The urgency in safeguarding cultural heritage is confronted with the sovereign zeal of the members of the international community, few of whom are willing to assume obligations on this same scale and cede an armament of their sovereignty, for which reason in the conventions There is hardly any full representation of the international community within Unesco.

In the Al Mahdi precedent (Prosecutor v. Ahmad Al Faqi Al Mahdi) the International Criminal Court (ICC) sentenced the perpetrator Mahdi for the destruction of the Islamic temples of Timbuktu in Mali. The body founded and motivated its resolution in the interest of the international community that assisted it, personified in the case by Unesco. Although the significant advance is undeniable, the type of crime that the ICC considered was a war crime, when the appropriate figure would have been a crime against humanity.

The resolutions of the UN Security Council have had cardinal importance, especially that of 2017 (Resolution 2347); What is transcendent in this is the displacement of international obligations, previously limited to conflicts between defined countries or specific regions (inter partes obligations), and the fact of recognizing a general effect that makes them valid for the entire international community as regards to the destruction and plunder of heritage (erga omnes obligations). It is, therefore, an expansive effect that began in the last decade of the 20th century.

Plaza of the Three Cultures. Tlatelolco. Mexico City. Photo: Hector Rivera

Human rights

For the rest, the contemporary movements that claim human rights have kept pace with the new actors in the international arena and are distinguished by upholding cultural, individual or collective rights, especially in the legislation of industrial property and in the culturalization of rights. human rights. This has allowed indigenous communities to access the benefits of their creations and full participation in cultural life.

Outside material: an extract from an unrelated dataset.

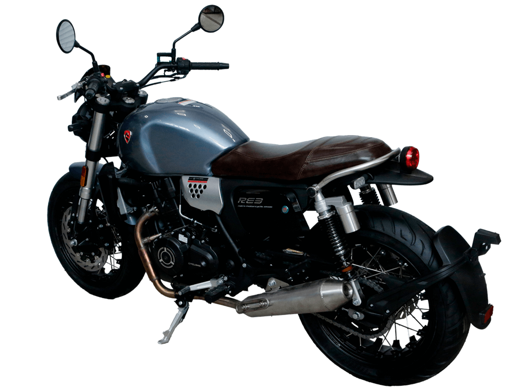 CYCLONE RE3 (SR400) – классик, в котором подчёркнутая простота объединяется с современными технологиями.Двухцилиндровый четырёхтактный двигатель объёмом 401 см3 выдаёт 43 л.с. на 9500 об/мин. Максимальный крутящий момент достигается на 8000 об/мин и составляет 34 Н·м. Инжекторный впрыск топлива с инжектором BOSCH увеличивает топливную экономичность, а также позволяет добиться высокой приёмистости и неприхотливости агрегата. Жидкостная система охлаждения не допустит перегрева двигателя даже при самом агрессивном вождении. На мотоцикл установлена 6-ступенчатая механическая коробка передач.Максимальная скорость мотоцикла составляет 140 км/ч.RE3 оснащён классическими спицованными колёсами диаметром 17 дюймов. Колёса обуты в бескамерные покрышки TIMSUN. С неровностями дороги эффективно справляются регулируемая телескопическая вилка перевёрнутого типа спереди и маятник с двумя амортизаторами сзади. Ход передней подвески составляет 110 мм, задней – 81 мм. Эффективное и безопасное замедление с любых скоростей обеспечивают гидравлические дисковые тормоза с ABS спереди и сзади.Клиренс мотоцикла составляет 145 мм. Объём топливного бака – 19 л. Снаряжённая масса – 186 кг.Из дополнительного оборудования можно выделить USB-порт, подсветку пультов и датчики давления в шинах.Мотоцикл сочетает в себе отличные технические характеристики, комфорт и надёжность, что позволяет вам ощутить настоящую свободу на любой дороге.

The aforementioned movements precipitated a number of pronouncements, such as the United Nations Declaration on the Rights of Indigenous Peoples of 2007 and the late American Declaration on the Rights of Indigenous Peoples of 2016, in a region whose ethnic composition is heterogeneous, with large indigenous segments.

Furthermore, these phenomena have given rise to what is known as the culturalization of human rights, both in domestic and international legislation.

Epilogue

Despite the fragmentation of the Unesco Conventions and their different approaches in relation to the cultural legacy, there is an evident reciprocal pollination through holistic interpretations whose objective is to create a basic harmonic corpus juris.

The jurisprudential work has allowed giving the same conventions a current meaning and reversing their diachronic effect; Thus, together with UNESCO, international organizations such as the International Criminal Court, the UN Security Council and the United Nations Office on Drugs and Crime (UNODC), culture has been substantiated as a global public good, as it was postulated in Mondiacult Mexico 2022.

* PhD in Law from Panthéon-Assas University.

Text published in number 2434 of the printed edition of Proceso, in circulation since June 25, 2023.